Reserved characters / spaces are double-escaped
Hey, I'm really loving your template tags. :)
I did just attempt using add_params with a datetime, though, and I hit a snag: it comes out as:
/?my_date=2013-10-01%252000%3A00%3A00
What tipped me off was the %2520
where there should have been a space (separating the date from the time). Of course, this can't be parsed naturally on the receiving end.
I dug deeper, and it looks like the problem is that update_query_data stores the values using iri_to_uri (which encodes the space), and then get_full_path uses urlquote (which re-encodes the space's %20 and encodes the time's colons as well).
So the overall process looks like this:
>>> from url_tools.helper import UrlHelper
>>> url = UrlHelper('/')
>>> url.update_query_data(test='1111-11-11 22:22:22')
>>> print url.query_dict
<QueryDict: {u'test': [u'1111-11-11%2022:22:22']}>
>>> print url.get_full_path()
/?test=1111-11-11%252022%3A22%3A22
>>> print url.get_query_string() # more specifically (get_full_path calls this)
test=1111-11-11%252022%3A22%3A22
I took a crack at addressing this myself (so as not to be an empty complainer). I chose to alter update_query_data since the other setters (i.e. overload_params) don't seem to do any escaping, rather than changing the outgoing get_query_string.

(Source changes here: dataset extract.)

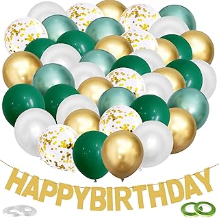 GRESAHOM 60 Stück Luftballons, Weiß Gold Grün Luftballons Set, Metallisches Grün Luftballons Konfetti & Helium Balloons mit Bändern, Latex Ballons für Hochzeit, Geburtstag, Babyparty Wiederverwendbar
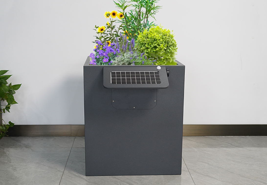 这款智慧养护花箱是方形设计,长,宽,高,大气深邃的咖啡色,箱体采用不锈钢材质,具有出色的耐用性和抗腐蚀性。其节水功能通过精准灌溉系统实现,能根据花卉需求供水,避免水资源浪费。太阳能板通常安装在花箱的侧面能够充分接受阳光照射的位置。它们能够将太阳能转化为电能,并进行储存,维持花箱的整个系统运行。这种光伏储能系统的效率很高,即使在光照强度不同的情况下,也能有效地收集和存储足够的电能。例如,在阳光充足的晴天,晒太阳,可以运行35天以上;而在阴天或光照较弱的情况下,系统依然能够利用所收集到的有限太阳能维持花箱的基本运行,减少了对传统供电的依赖,从而实现节电的目的。

Specifically, my changes were to lines 37 and 39 of helpers.py, removing iri_to_uri and passing in the raw val / v instead:
def update_query_data(self, **kwargs):
for key in kwargs:
val = kwargs[key]
if hasattr(val, '__iter__'):
self.query_dict.setlist(key, [v for v in val])
else:
self.query_dict[key] = val
This solved the problem totally for me, but I'm only using add_params
and del_params
via the template tags.
Thoughts? I can make a formal change if you agree!
Comments (17)
-
-
Guys, I'm really sorry. For some reason I missed a few issues that were filed on various repos on BitBucket, including this one.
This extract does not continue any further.